Later, PJM’s Brian Fitzpatrick explained the progress in staff’s analysis of gas-pipeline risks. The analysis is part of PJM’s ongoing effort to prepare for potential interruptions on the pipeline system. (See “Additional Reserves Needed?” PJM MRC/MC Briefs: March 22, 2018.)

Staff have held five meetings with pipelines within its footprint and have three more planned. While PJM had initially identified 63 contingencies that mostly involved potential compressor failures, pipeline companies said those were lower risk and recommended focusing on the ends of lines and laterals connected to main trunk lines.

“Right now, we have about seven [contingencies], so really, really decreased that list quite a bit,” Fitzpatrick said. “And that number will change because we’re still meeting with pipelines.”

Additional analysis will occur over the next six months.

PJM’s Augustine Caven said conditions during January’s “bomb cyclone” cold snap hit triggers to evaluate the need for any contingencies but that none were necessary. Caven also explained PJM’s plan to add detail to its operational parameters for gas units. The expanded parameters will help support automating PJM’s response to contingencies.

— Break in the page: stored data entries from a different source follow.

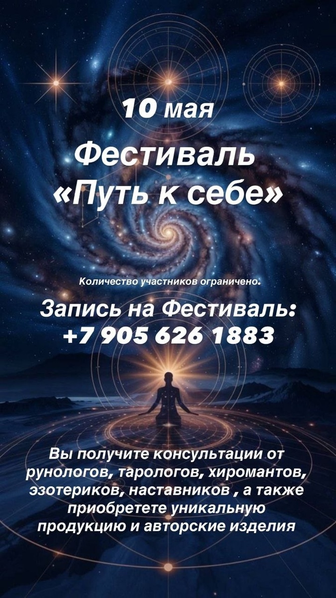 : 🌟 🔥 интересуется ответами на вопросы, не описанными в книгах; 📚 🔥 хочет перейти на другой уровень развития; 🚀 🔥 понимает, что что-то надо менять; 🔄 🔥 чувствует, что чего-то не хватает; 💭 🔥 хочет понять смысл жизни и свой истинный путь; 🗺️ 🔥 хотел бы повысить уровень своей энергии; ⚡ 🔥 хочет увидеть и услышать больше, чем он видел и слышал; 👁️👂 🔥 хочет приобрести полезную для здоровья продукцию. 🌿 🔥 любит необычное, созданное руками человека. ✨ __ На Фестивале вас ждут: 🎉 • травяной чаи с полезными закусками; 🍵 • мастер-классы по игре на ханге и по изготовлению личного оберега; 🎶🛡️ • продажа изделий ручной работы 🧶 • консультации практиков с многолетним опытом работы 👩⚕️ • участие в лотереи для всех участников 🎁 • продажа трав и продукции для здоровья 🌱 • участие в мощной медитации от Духовного Наставника Ирины Лакши. Все медитации Ирине идут из Потока… 🧘♀️✨ ——————————————————————— 💜Что вы получите от Фестиваля: 💯 Участники получают доступ к уни
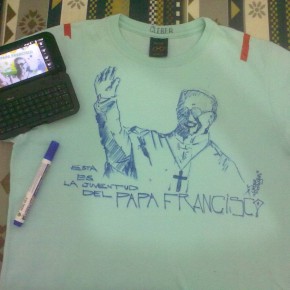 Que tal irradiar esse sorriso pelas ruas, no seu trabalho, no colégio, na faculdade, no grupo de oração? Simples. Veja abaixo como customizar uma camiseta básica com uma ilustração descolada.
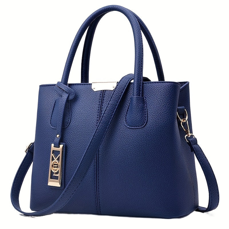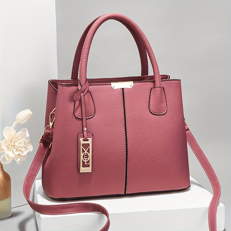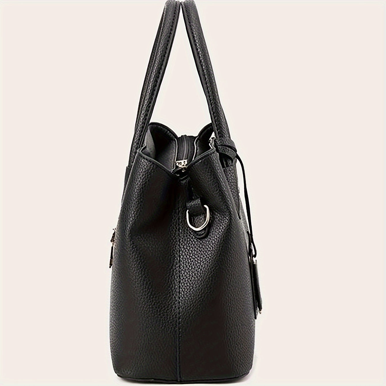 White Synthetic Leather Tote Bag with Tag Detail Large Capacity Multi-Layer Design
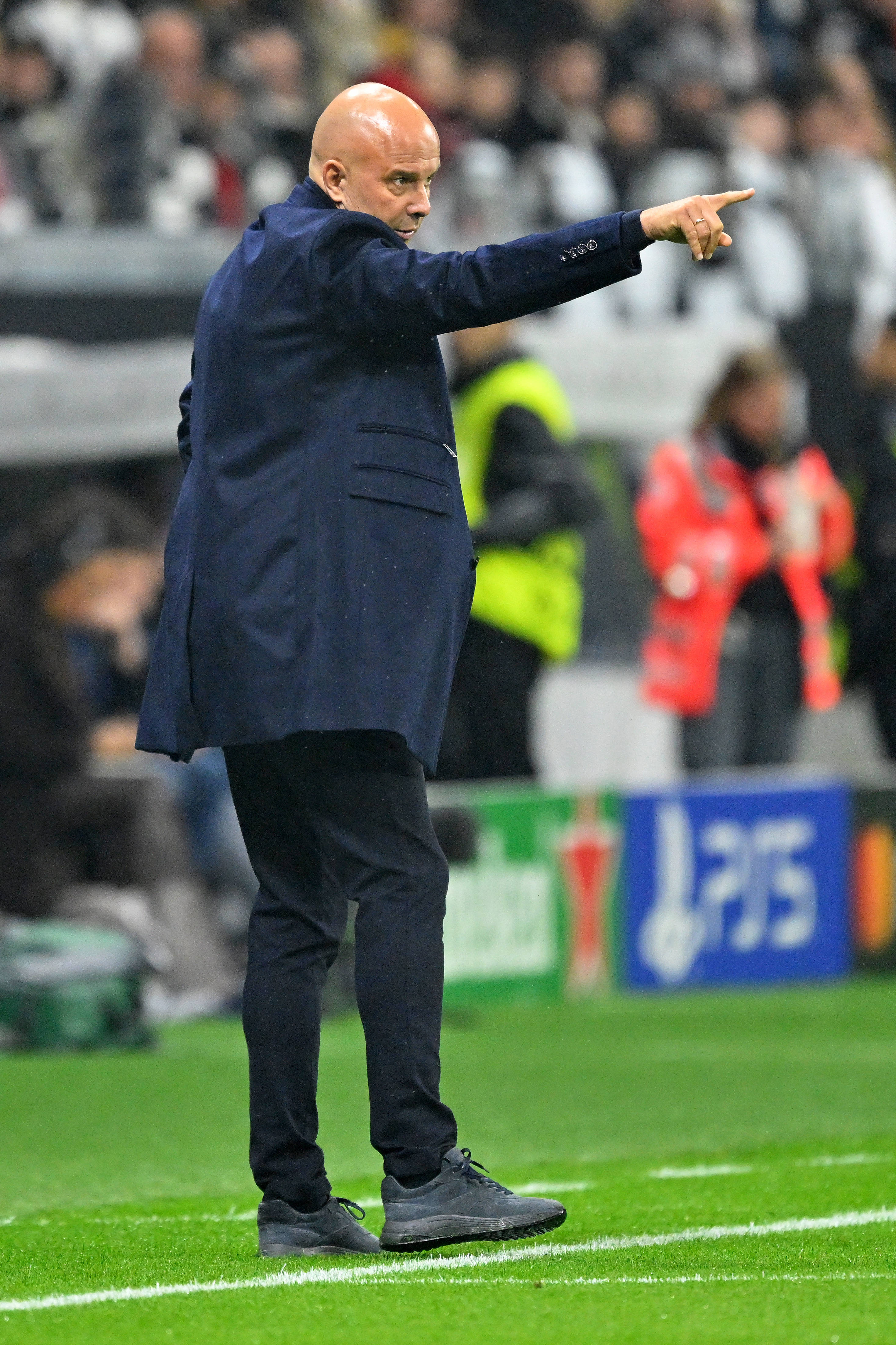 10月22日,法兰克福队主教练托普默勒在场边指挥。 新华社发(乌尔里希·胡夫纳格尔摄)

PJM is also planning to expand its ability to track units’ limitations on run time, including fuel inventory, emissions limitations, and supplies of demineralized and cooling water. PJM’s Natalie Tacka explained plans to add ways for units to report “hours remaining” for specified time windows and for RTO dispatchers to keep track of those potential restrictions. PJM is seeking generation owner input and asks those interested to let it know by May 11.

Automating Generator Notification

Baizman | © RTO Insider

PJM’s Aaron Baizman explained a plan to automate the dispatch of resources onto the system. The current procedure involves calling the generator directly, but PJM plans to have that notification and verification process become electronic.

The transition will start with combustion turbines through a pilot planned to begin at the end of the year and ramp up in 2019. PJM plans to expand it to all units but has not yet set a target date.

Baizman said the plan is similar to programs at ISO-NE, CAISO, SPP and MISO.

CIR Questions

PJM wants to switch from using average to median capacity factors to calculate units’ unforced capacity. The RTO says the median is closer to units’ actual performance but acknowledges it will reduce units’ capacity injection rights (CIRs). (See “CIR Revisions,” PJM Operating Committee Briefs: April 3, 2018.)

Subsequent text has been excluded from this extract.